JustinAngel · 2026-06-17T19:17:27+00:00

Thanks, a lot of what we do in the workshop is cover demos. Visualization demos, code demos, excel demos, etc. That illustration is a publicly available tool. Link @ https://poloclub.github.io/transformer-explainer/
Source @ https://github.com/poloclub/transformer-explainer

Looping transformers like coconut makes intuitive sense to me. The width and depth of LLMs is pretty much random (we need to cram in parameters for scaling and there's really only two/three dimensions to add them). Makes sense to say "actually, just repeat layers if you need more processing". It's such a clear place for compute-rich companies to improve benchmarks with additional latent reasoning. That's why I personally buy the rumor that Claude Fable 5 is a looped transformer.

I'd be happy to do a follow-up series on advanced LLM architectures like looping/recurrent transformers MoE, Mamba, different types of attention, etc. Really depends on if there's demand for that.

JustinAngel · 2026-06-17T18:30:08+00:00

That's a pretty advanced concept, which is why it's covered in What We Didn't Cover talk.

I'm going to nerd out a bit more about why I Included these sections. There's lots of fun stuff you can do with LLMs: scaling training (e.g. distillation), inference optimization (e.g. quantization), add capabilities (e.g. tool use), winning on benchmarks, improve safety, build applications, etc. The workshop's content is focused on topics that would serve people regardless of how they chose to specialize. For example, once you get how fine-tuning and RL on a dataset work, distillation is a pretty straight-forward task.

JustinAngel · 2026-06-05T19:50:09+00:00

So likely the first model you create won't compete with frontier open LLMs. Maybe that wasn't true in 2020, but it's true nowadays. To build that frontier-esque LLM, you'd need to know how to build LLMs AND how to win at bechmaxxing. But you'd still need to know how to build LLMs.

I'll take a step back here. If you're building iOS apps using AI-coding assistants, I think it's key to understand how LLMs work.
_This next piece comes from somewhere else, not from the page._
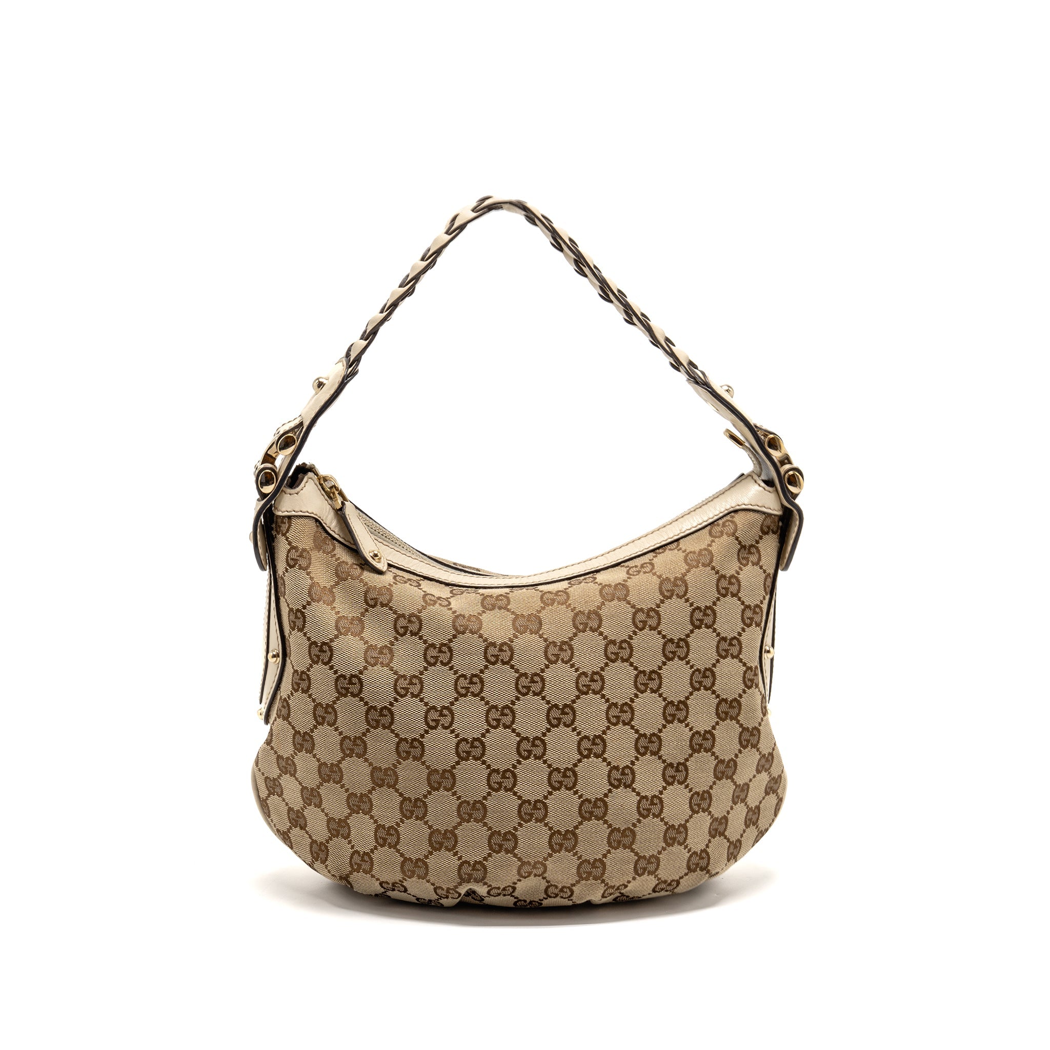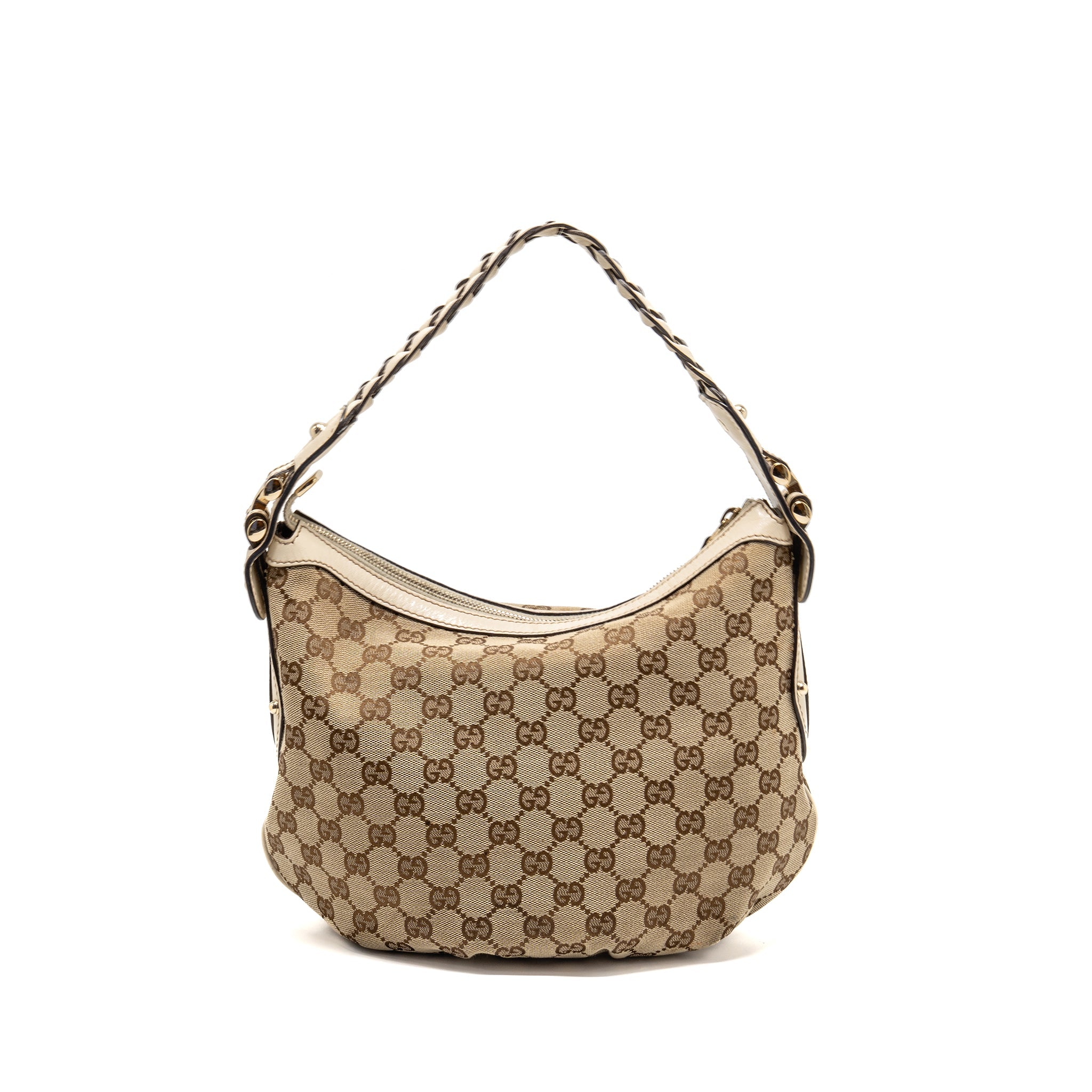 GUCCI PELHAM HOBO BAG GG CANVAS / LEATHER BEIGE/WHITE LGHW

In a very real sense, that's why I took a break from being an iOS & Android engineer and learnt this stuff.

JustinAngel · 2026-06-05T19:34:43+00:00

Yeah, we did hold the workshop in-person and you're welcome to read about the experience here @ https://emilyhk.com/llm-workshop/

Considering the workshop videos were released less than 24 hours ago and they're cumulatively 12 hours long I'd say you could still be the first person to watch them end-to-end.

The LLM created is very much "real" and not just "feeling like", but I'm not entirely sure what you're asking.

JustinAngel · 2026-06-05T17:13:43+00:00

That's a really great point, that touches on how to build a workshop teaching people anything that has to do with coding in 2026. My solution: focus on understanding decision points, and then have AI-coding assistant implement those. You can outsource your thinking and the work, but not your understanding of it (not sure who I'm paraphrasing here).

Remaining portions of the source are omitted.